Hermann Auer 08.12.17 18:32
@Jürgen Franke
1.) ist nicht jedes für die Arbeitnehmer relevante Unternehmen (z.B. GmbHs usw.) ein DAX-Unternehmen. 2.) spreche ich von den verlorengegangenen Druckmitteln der Gewerkschaften in den Tarifverhandlungen. Das hat mit der Besetzung der Aufsichtsräte wenig bis gar nichts zu tun. Die Druckmittel sind hauptsächlich durch die Angst der Arbeitnehmer vor dem Abstieg (infolge des Schleifens der Arbeitslosenversicherung) sowie durch das Überangebot an Arbeitskräften pro Stellenangebot (auch Leiharbeiter) verlorengegangen.
Jürgen Franke 08.12.17 18:13
Herr Auer, Ihre Aussage, dass die Gewerkschaften
nicht auf Augenhöhe mit den Unternehmern stehen, ist nicht ganz nachvollziehbar, da in jedem Aufsichtsrat eines Dax Unternehmens auch Mitglieder der Gewerkschaften vertreten sind.
Jürgen Franke 08.12.17 16:49
Herr Volkmann, zur Erinnerung erlaube ich mir
darauf hinzuweisen, dass der Sozialverräter Schröder seinerzeit mit den Grünen regierte und u.a. die Rentenbesteuerung einführte. Der Mit-Verfasser der Harz4 Reform ist heute Bundespräsident. Die Quittung hat die SPD, nicht nur mit dem Wahlergebnis, sondern auch mit der Spaltung der Partei, bekommen. Diese Partei, die jetzt bei den Verhandlungen kläglich scheitern wird, braucht heute, außer ein paar alte Funktionäre, kein Mensch mehr.
Hermann Auer 08.12.17 16:49
@Hans-Dieter Volkmann
So isses! Ich gehe sogar noch weiter: Die Agenda 2010 muss hierzu komplett zurückgenommen werden, die Gewerkschaften wieder auf Augenhöhe mit den Arbeitgebern gehoben werden u.a.m. So lange aber die Konstrukteure der Agenda 2010 in der Bundestagsfraktion und sogar als Bundespräsident das Sagen haben und auch die Jusos für Agenda-kompatiblen Nachwuchs sorgen, wird das nicht passieren. Die SPD wird also in der Versenkung verschwinden.

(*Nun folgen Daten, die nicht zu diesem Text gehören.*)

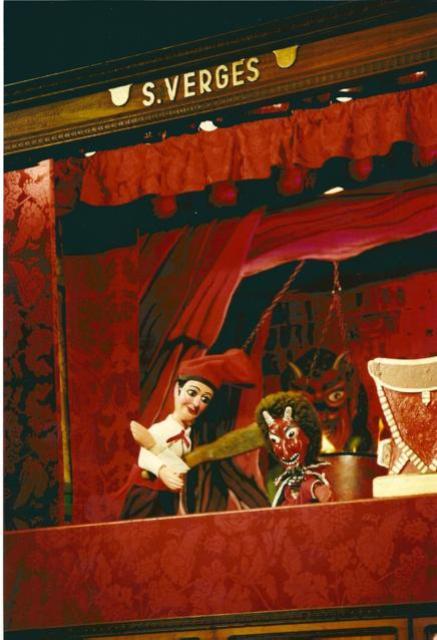 El Dimoni, abans i ara, amb una presència constant en els castellets d’arreu. Els històrics Titelles Vergés, en una tradicional escena de l’infern

Jürgen Franke 08.12.17 16:23
Die Wähler in NRW, dem bevölkerungsreichstem
Bundesland in Deutschland haben der SPD eine klare Absage erzielt, denn es wird zukünftig eine Partei benötigt, die für alle Schichten der Bevölkerung zuständig ist. Dass die Rentner in Österreich mit ihrer Rente auskommen und die Deutschen nicht, ist ein Skandal und liegt u.a. daran, dass unterschiedliche Kassen gefüllt werden. Das Problem konnte bisher nicht abgestellt werden, da der dafür zuständige Personenkreis im Bundestag sitzt. Für die Interessen der Arbeiter und Angestellten haben sich die einzelnen Gewerkschaften einzusetzen. Das Thema Leiharbeiter gehört ebenso auf den Prüfstand.
Hans-Dieter Volkmann 08.12.17 14:47
SPD zu Gesprächen
Herr Ingo Kerp, solange die SPD nicht wieder zu einer Arbeitnehmerpartei , zum Vertreter der sozial Schwachen, der Harz 4 Empfänger und Kleinrentner u.s.w. wird hat sie keine wirkliche Chance mehr. Diese Situation hat sie dem Sozialverräter Ex-Kanzler Schröder zu verdanken. Solange sie das nicht erkennt und sich neu aufstellt wird sie eben nur zweitklassig bleiben.
Ingo Kerp 08.12.17 13:45
Sollten die Gespräche mit der Union scheitern, so wie "Jamaika" zuvor, würden Schulz und die SPD in der Versenkung veschwinden.